> **Provided data**
--------------------------------------------------
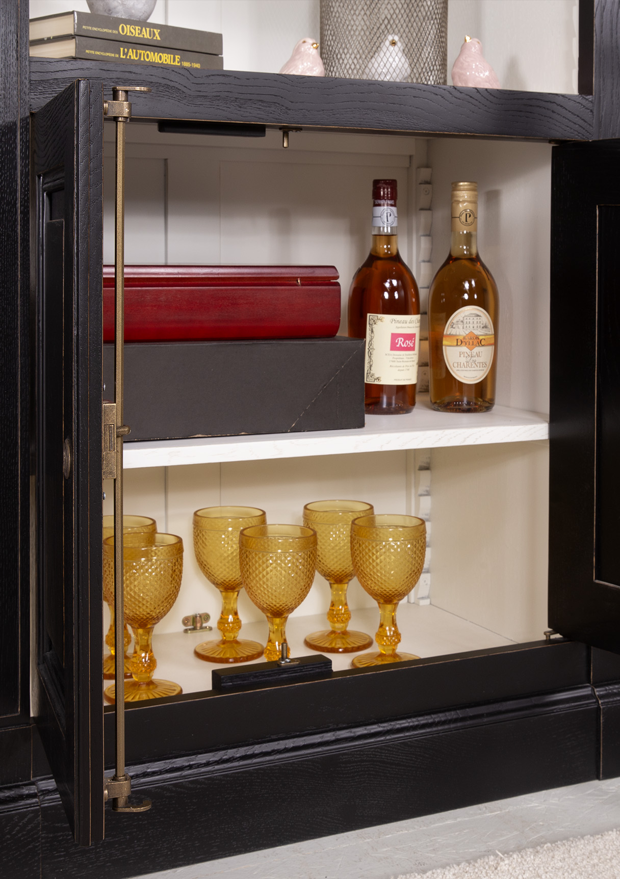 Sa finition est un chêne brossé noir patiné pour l’extérieur, Ivoire n°2 légèrement patiné pour l’intérieur.
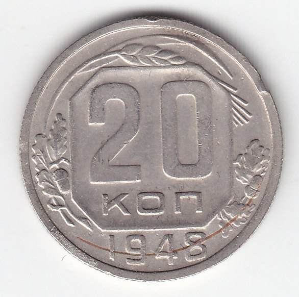QUOTE(ionmix @ Jan 31 2012, 15:43) 20 копеек 1948 г. такой брак чтонибудь стоит.? Это механическое повреждение, не брак. |
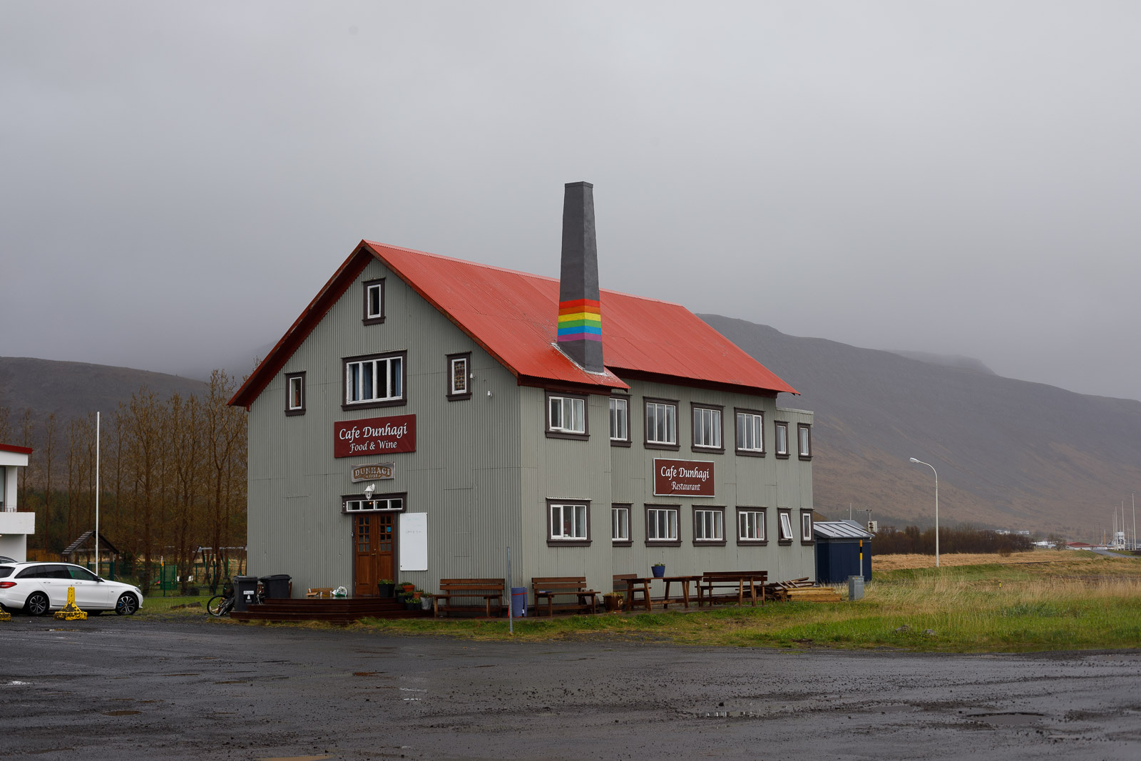 With its large rainbow-coloured chimney, Cafe Dunhagi stands out against the grey and foggy landscape of Tálknafjörður, a fishing village in the southern Westfjords nicknamed Tálknó by its 300 inhabitants. As one of only two restaurants in the area, it has become a popular spot for locals and visitors alike seeking a quick bite to eat.
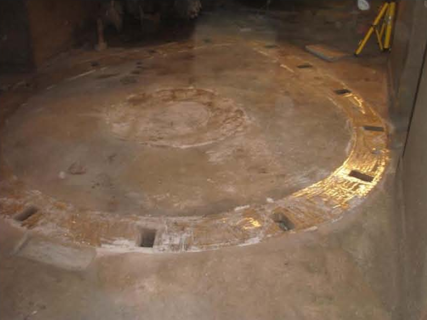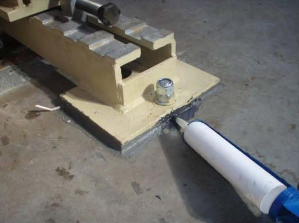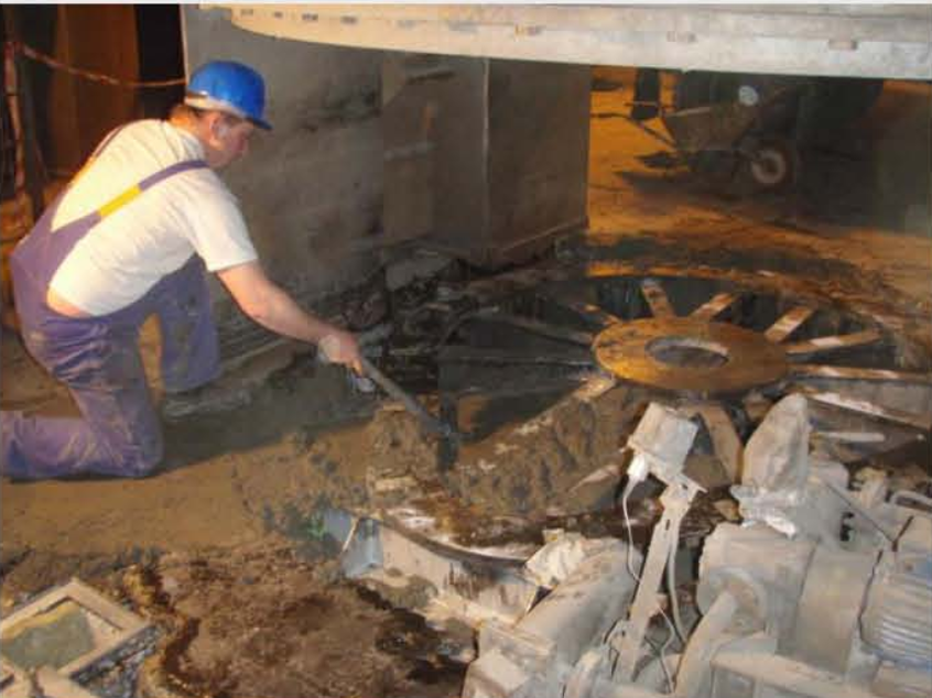 Opis naprawy: Rama fundamentowa pod przekładnią młyna kulowego odspoiła się od podłoża. Pomiary amplitudy drgań urządzenia wskazywały na znaczne przekroczenia (stany awaryjne). Żywicą z kruszywem kwarcowym wykonano międzywarstwę łączącą się ze starym podłożem betonowym i stalową ramą oraz nową nadlewką betonową.
--------------------------------------------------
> **Description of the task**
Retyping should start at the first line of the data above and stop after the line with "With its large", and no picture should be included.

> **Solution to the exercise**
 Sa finition est un chêne brossé noir patiné pour l’extérieur, Ivoire n°2 légèrement patiné pour l’intérieur.
QUOTE(ionmix @ Jan 31 2012, 15:43) 20 копеек 1948 г. такой брак чтонибудь стоит.? Это механическое повреждение, не брак. |
 With its large rainbow-coloured chimney, Cafe Dunhagi stands out against the grey and foggy landscape of Tálknafjörður, a fishing village in the southern Westfjords nicknamed Tálknó by its 300 inhabitants. As one of only two restaurants in the area, it has become a popular spot for locals and visitors alike seeking a quick bite to eat.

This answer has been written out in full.